The gunmen in the back sat tight until the door was opened from the outside by the man who had been in front. “Out,” this man said to Flame. “Don’t try anything, just get out.”

They got out, the guns still probing flesh, painfully exacerbating the claw-wounds in Shaw’s back. They were made to hop up on to a platform raised a couple of feet above the ground. The car was driven ahead, presumably to wherever its garage was. Shaw studied his surroundings, fixing the layout in his mind. They were in a smallish yard, shut off from the road by a high brick wall. In the grey light of what was now the dawn that wall looked dirty, blackened with city grime. The yard was dirty too, had a semi-derelict appearance, with heaps of junk lying about and covered with soot and other air deposits. There was straw around, and broken pieces of packing-cases. The two sides where the raised platform ran consisted of an L-shaped building that looked like a warehouse. Over big double doors there was a name in faded white paint: hound-tucson pier and underneath, in smaller letters, Hound-Tucson Company Inc. of New York. There was a pervasive smell of fuel oil and tarred rope and away beyond the warehouse Shaw could see the jib of a crane. Beneath the oil and the tar he smelt the river, whether it would be the Hudson or the East he didn’t know. Could be the Harlem River, though the Harlem’s wharves handled only very minor local operations… in any case, it was now fairly obvious to Shaw that his imagination, back in London’s King George V dock, hadn’t been so far off the beam.

The Negro who had been in the back of the Cadillac outside Josephson’s block said, “I’ll take dem over now.” Shaw didn’t like his voice; it was cold and flat and dangerous.

“Yes, Mr Spice,” one of the Puerto Ricans said.

Spice pushed his gun hard into Shaw, who obeyed the pressure, making for a door at the far end of the platform — a loading bay for trucks, that platform looked like. As they reached the door, Spice ordered Shaw to bang on it. There was a shuffling sound from inside and Shaw heard the lock operate.
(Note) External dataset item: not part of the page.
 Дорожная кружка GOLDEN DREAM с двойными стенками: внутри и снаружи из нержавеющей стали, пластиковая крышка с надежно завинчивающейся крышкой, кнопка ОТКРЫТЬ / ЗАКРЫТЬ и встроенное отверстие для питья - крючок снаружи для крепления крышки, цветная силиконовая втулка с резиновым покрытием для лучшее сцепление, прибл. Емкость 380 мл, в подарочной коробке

The door swung open and showed a squat man like a toad, a White with black teeth. There was a strong smell of rye whisky on the air as the man exhaled.

Spice said viciously, “You always at de bottle, White bum. Too dam’ drunk to hear de Cadillac.”
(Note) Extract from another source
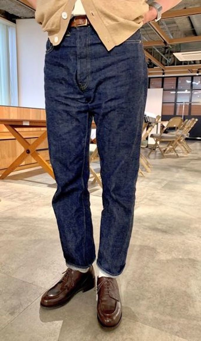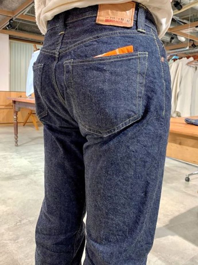 「大戦モデルと一口に言っても、工場の違いでディテールや形に様々なバリエーションがある。714はその中でもきれいめなシルエットを持つ個体を参考にした」と林さん。股上が深く、ヒップを包み込むようなシルエットは、スポーツマン体形や、かっぷくの良い大人に合うという。
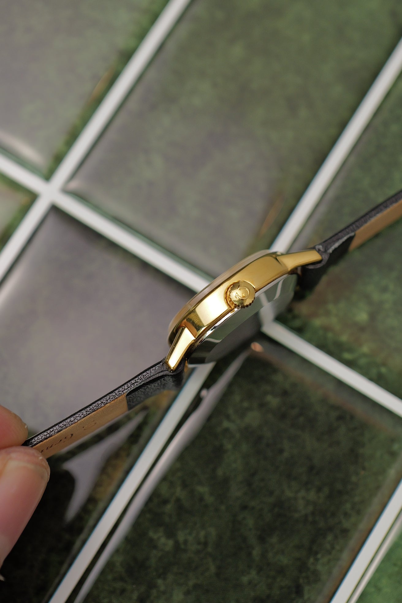 My love for vintage omega will never never stop. Why you may ask? just look at how simple and yet majestic the lines on the case is. the subtle reflection of the sunburst gold dial, the precise dial stamping of the omega logo and wording, and the contrast of black hands. There isnt much but there is so much! and if you have opened up an omega movement before, vintage movements were all brass-like finished, extremely beautiful and long lasting.

The White bum, and to Shaw the term seemed about right, gave a hiccup. Spice’s pointed shoe shot forward and took him right in the crutch, hard. He went down groaning and vomiting. Spice snapped, “Move on in, limey.”

Behind them the other man came in astern of Flame, then kicked the door shut. The second Puerto Rican had disappeared, gone with the Cadillac perhaps. Spice looked down at the man on the floor. “Get up,” he said flatly. “Lock de door.” The man pulled himself together and got to his feet, looking with terrified but placatory eyes at the Negro. He did as he was told and Spice said, “Now — off.” The White obeyed this order too, and very gladly.
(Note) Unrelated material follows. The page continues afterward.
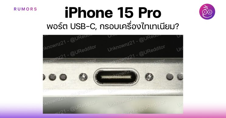 Unknownz21 โพสต์ภาพใน Twitter เผยให้เห็นพอร์ต USB-C คาดว่าเป็นของ iPhone 15 Pro และพื้นผิวของกรอบเครื่องนั้นดูทรงแล้วคล้ายกับวัสดุไทเทเนียม (เหมือน Apple Watch Ultra) และนอกจากนั้นขอบเครื่องดูมีความโค้งมนด้วย!

The Negro said, as flat as before, “You two, over by de wall.”

Shaw and Flame walked forward.

They were in an office with a desk, a couple of steel filing cabinets, and a telephone. There was a window with steel shutters fastened across it and another door opposite the desk. Spice directed them to a section of wall between this door and the filing cabinets. When they got there he said, “Turn aroun’ and keep your backs flat against de wall.”